■ Exercise ■
No pictures in the copy, please: retype all the records exactly.

(Dataset excerpts)
————

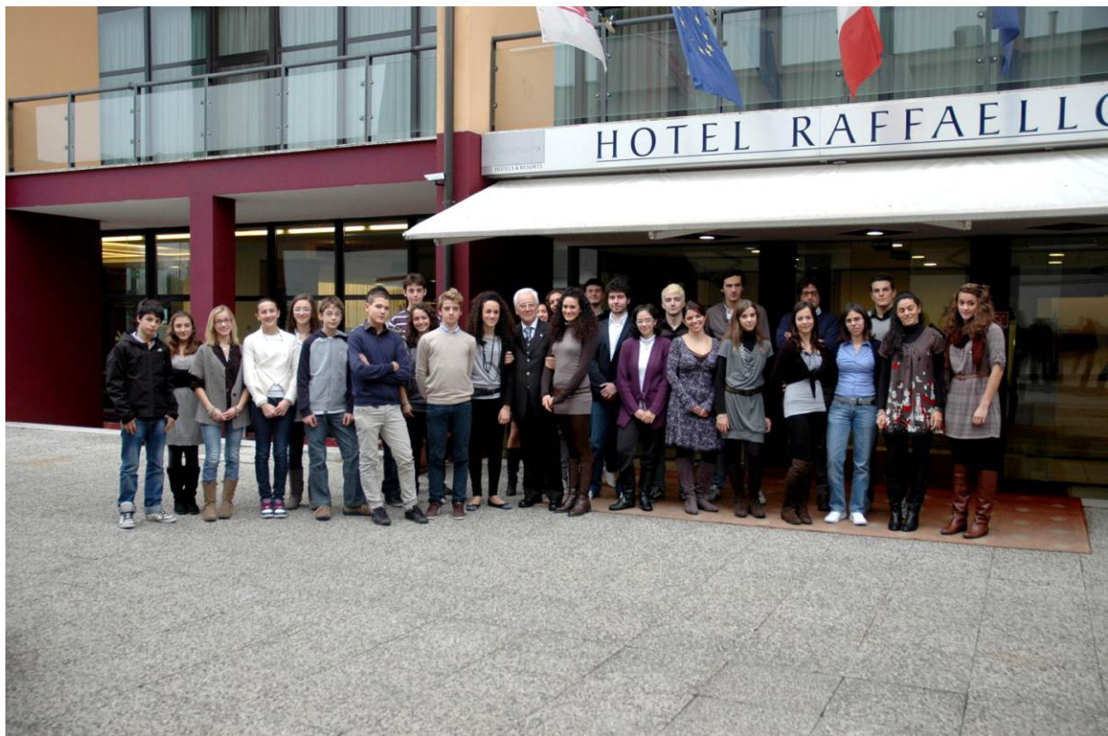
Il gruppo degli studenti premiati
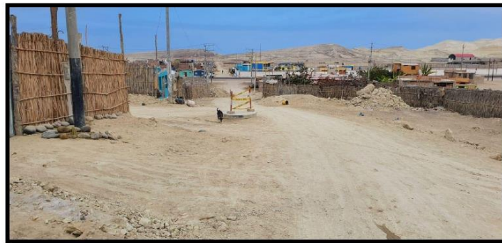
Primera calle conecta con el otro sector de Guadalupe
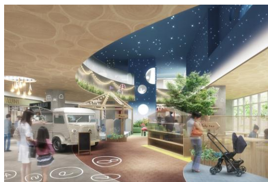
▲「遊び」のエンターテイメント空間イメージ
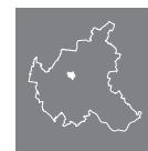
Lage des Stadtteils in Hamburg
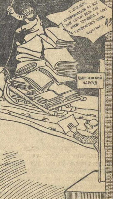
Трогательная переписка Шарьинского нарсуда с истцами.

————

■ Written solution ■
Il gruppo degli studenti premiati
Primera calle conecta con el otro sector de Guadalupe
▲「遊び」のエンターテイメント空間イメージ
Lage des Stadtteils in Hamburg
Трогательная переписка Шарьинского нарсуда с истцами.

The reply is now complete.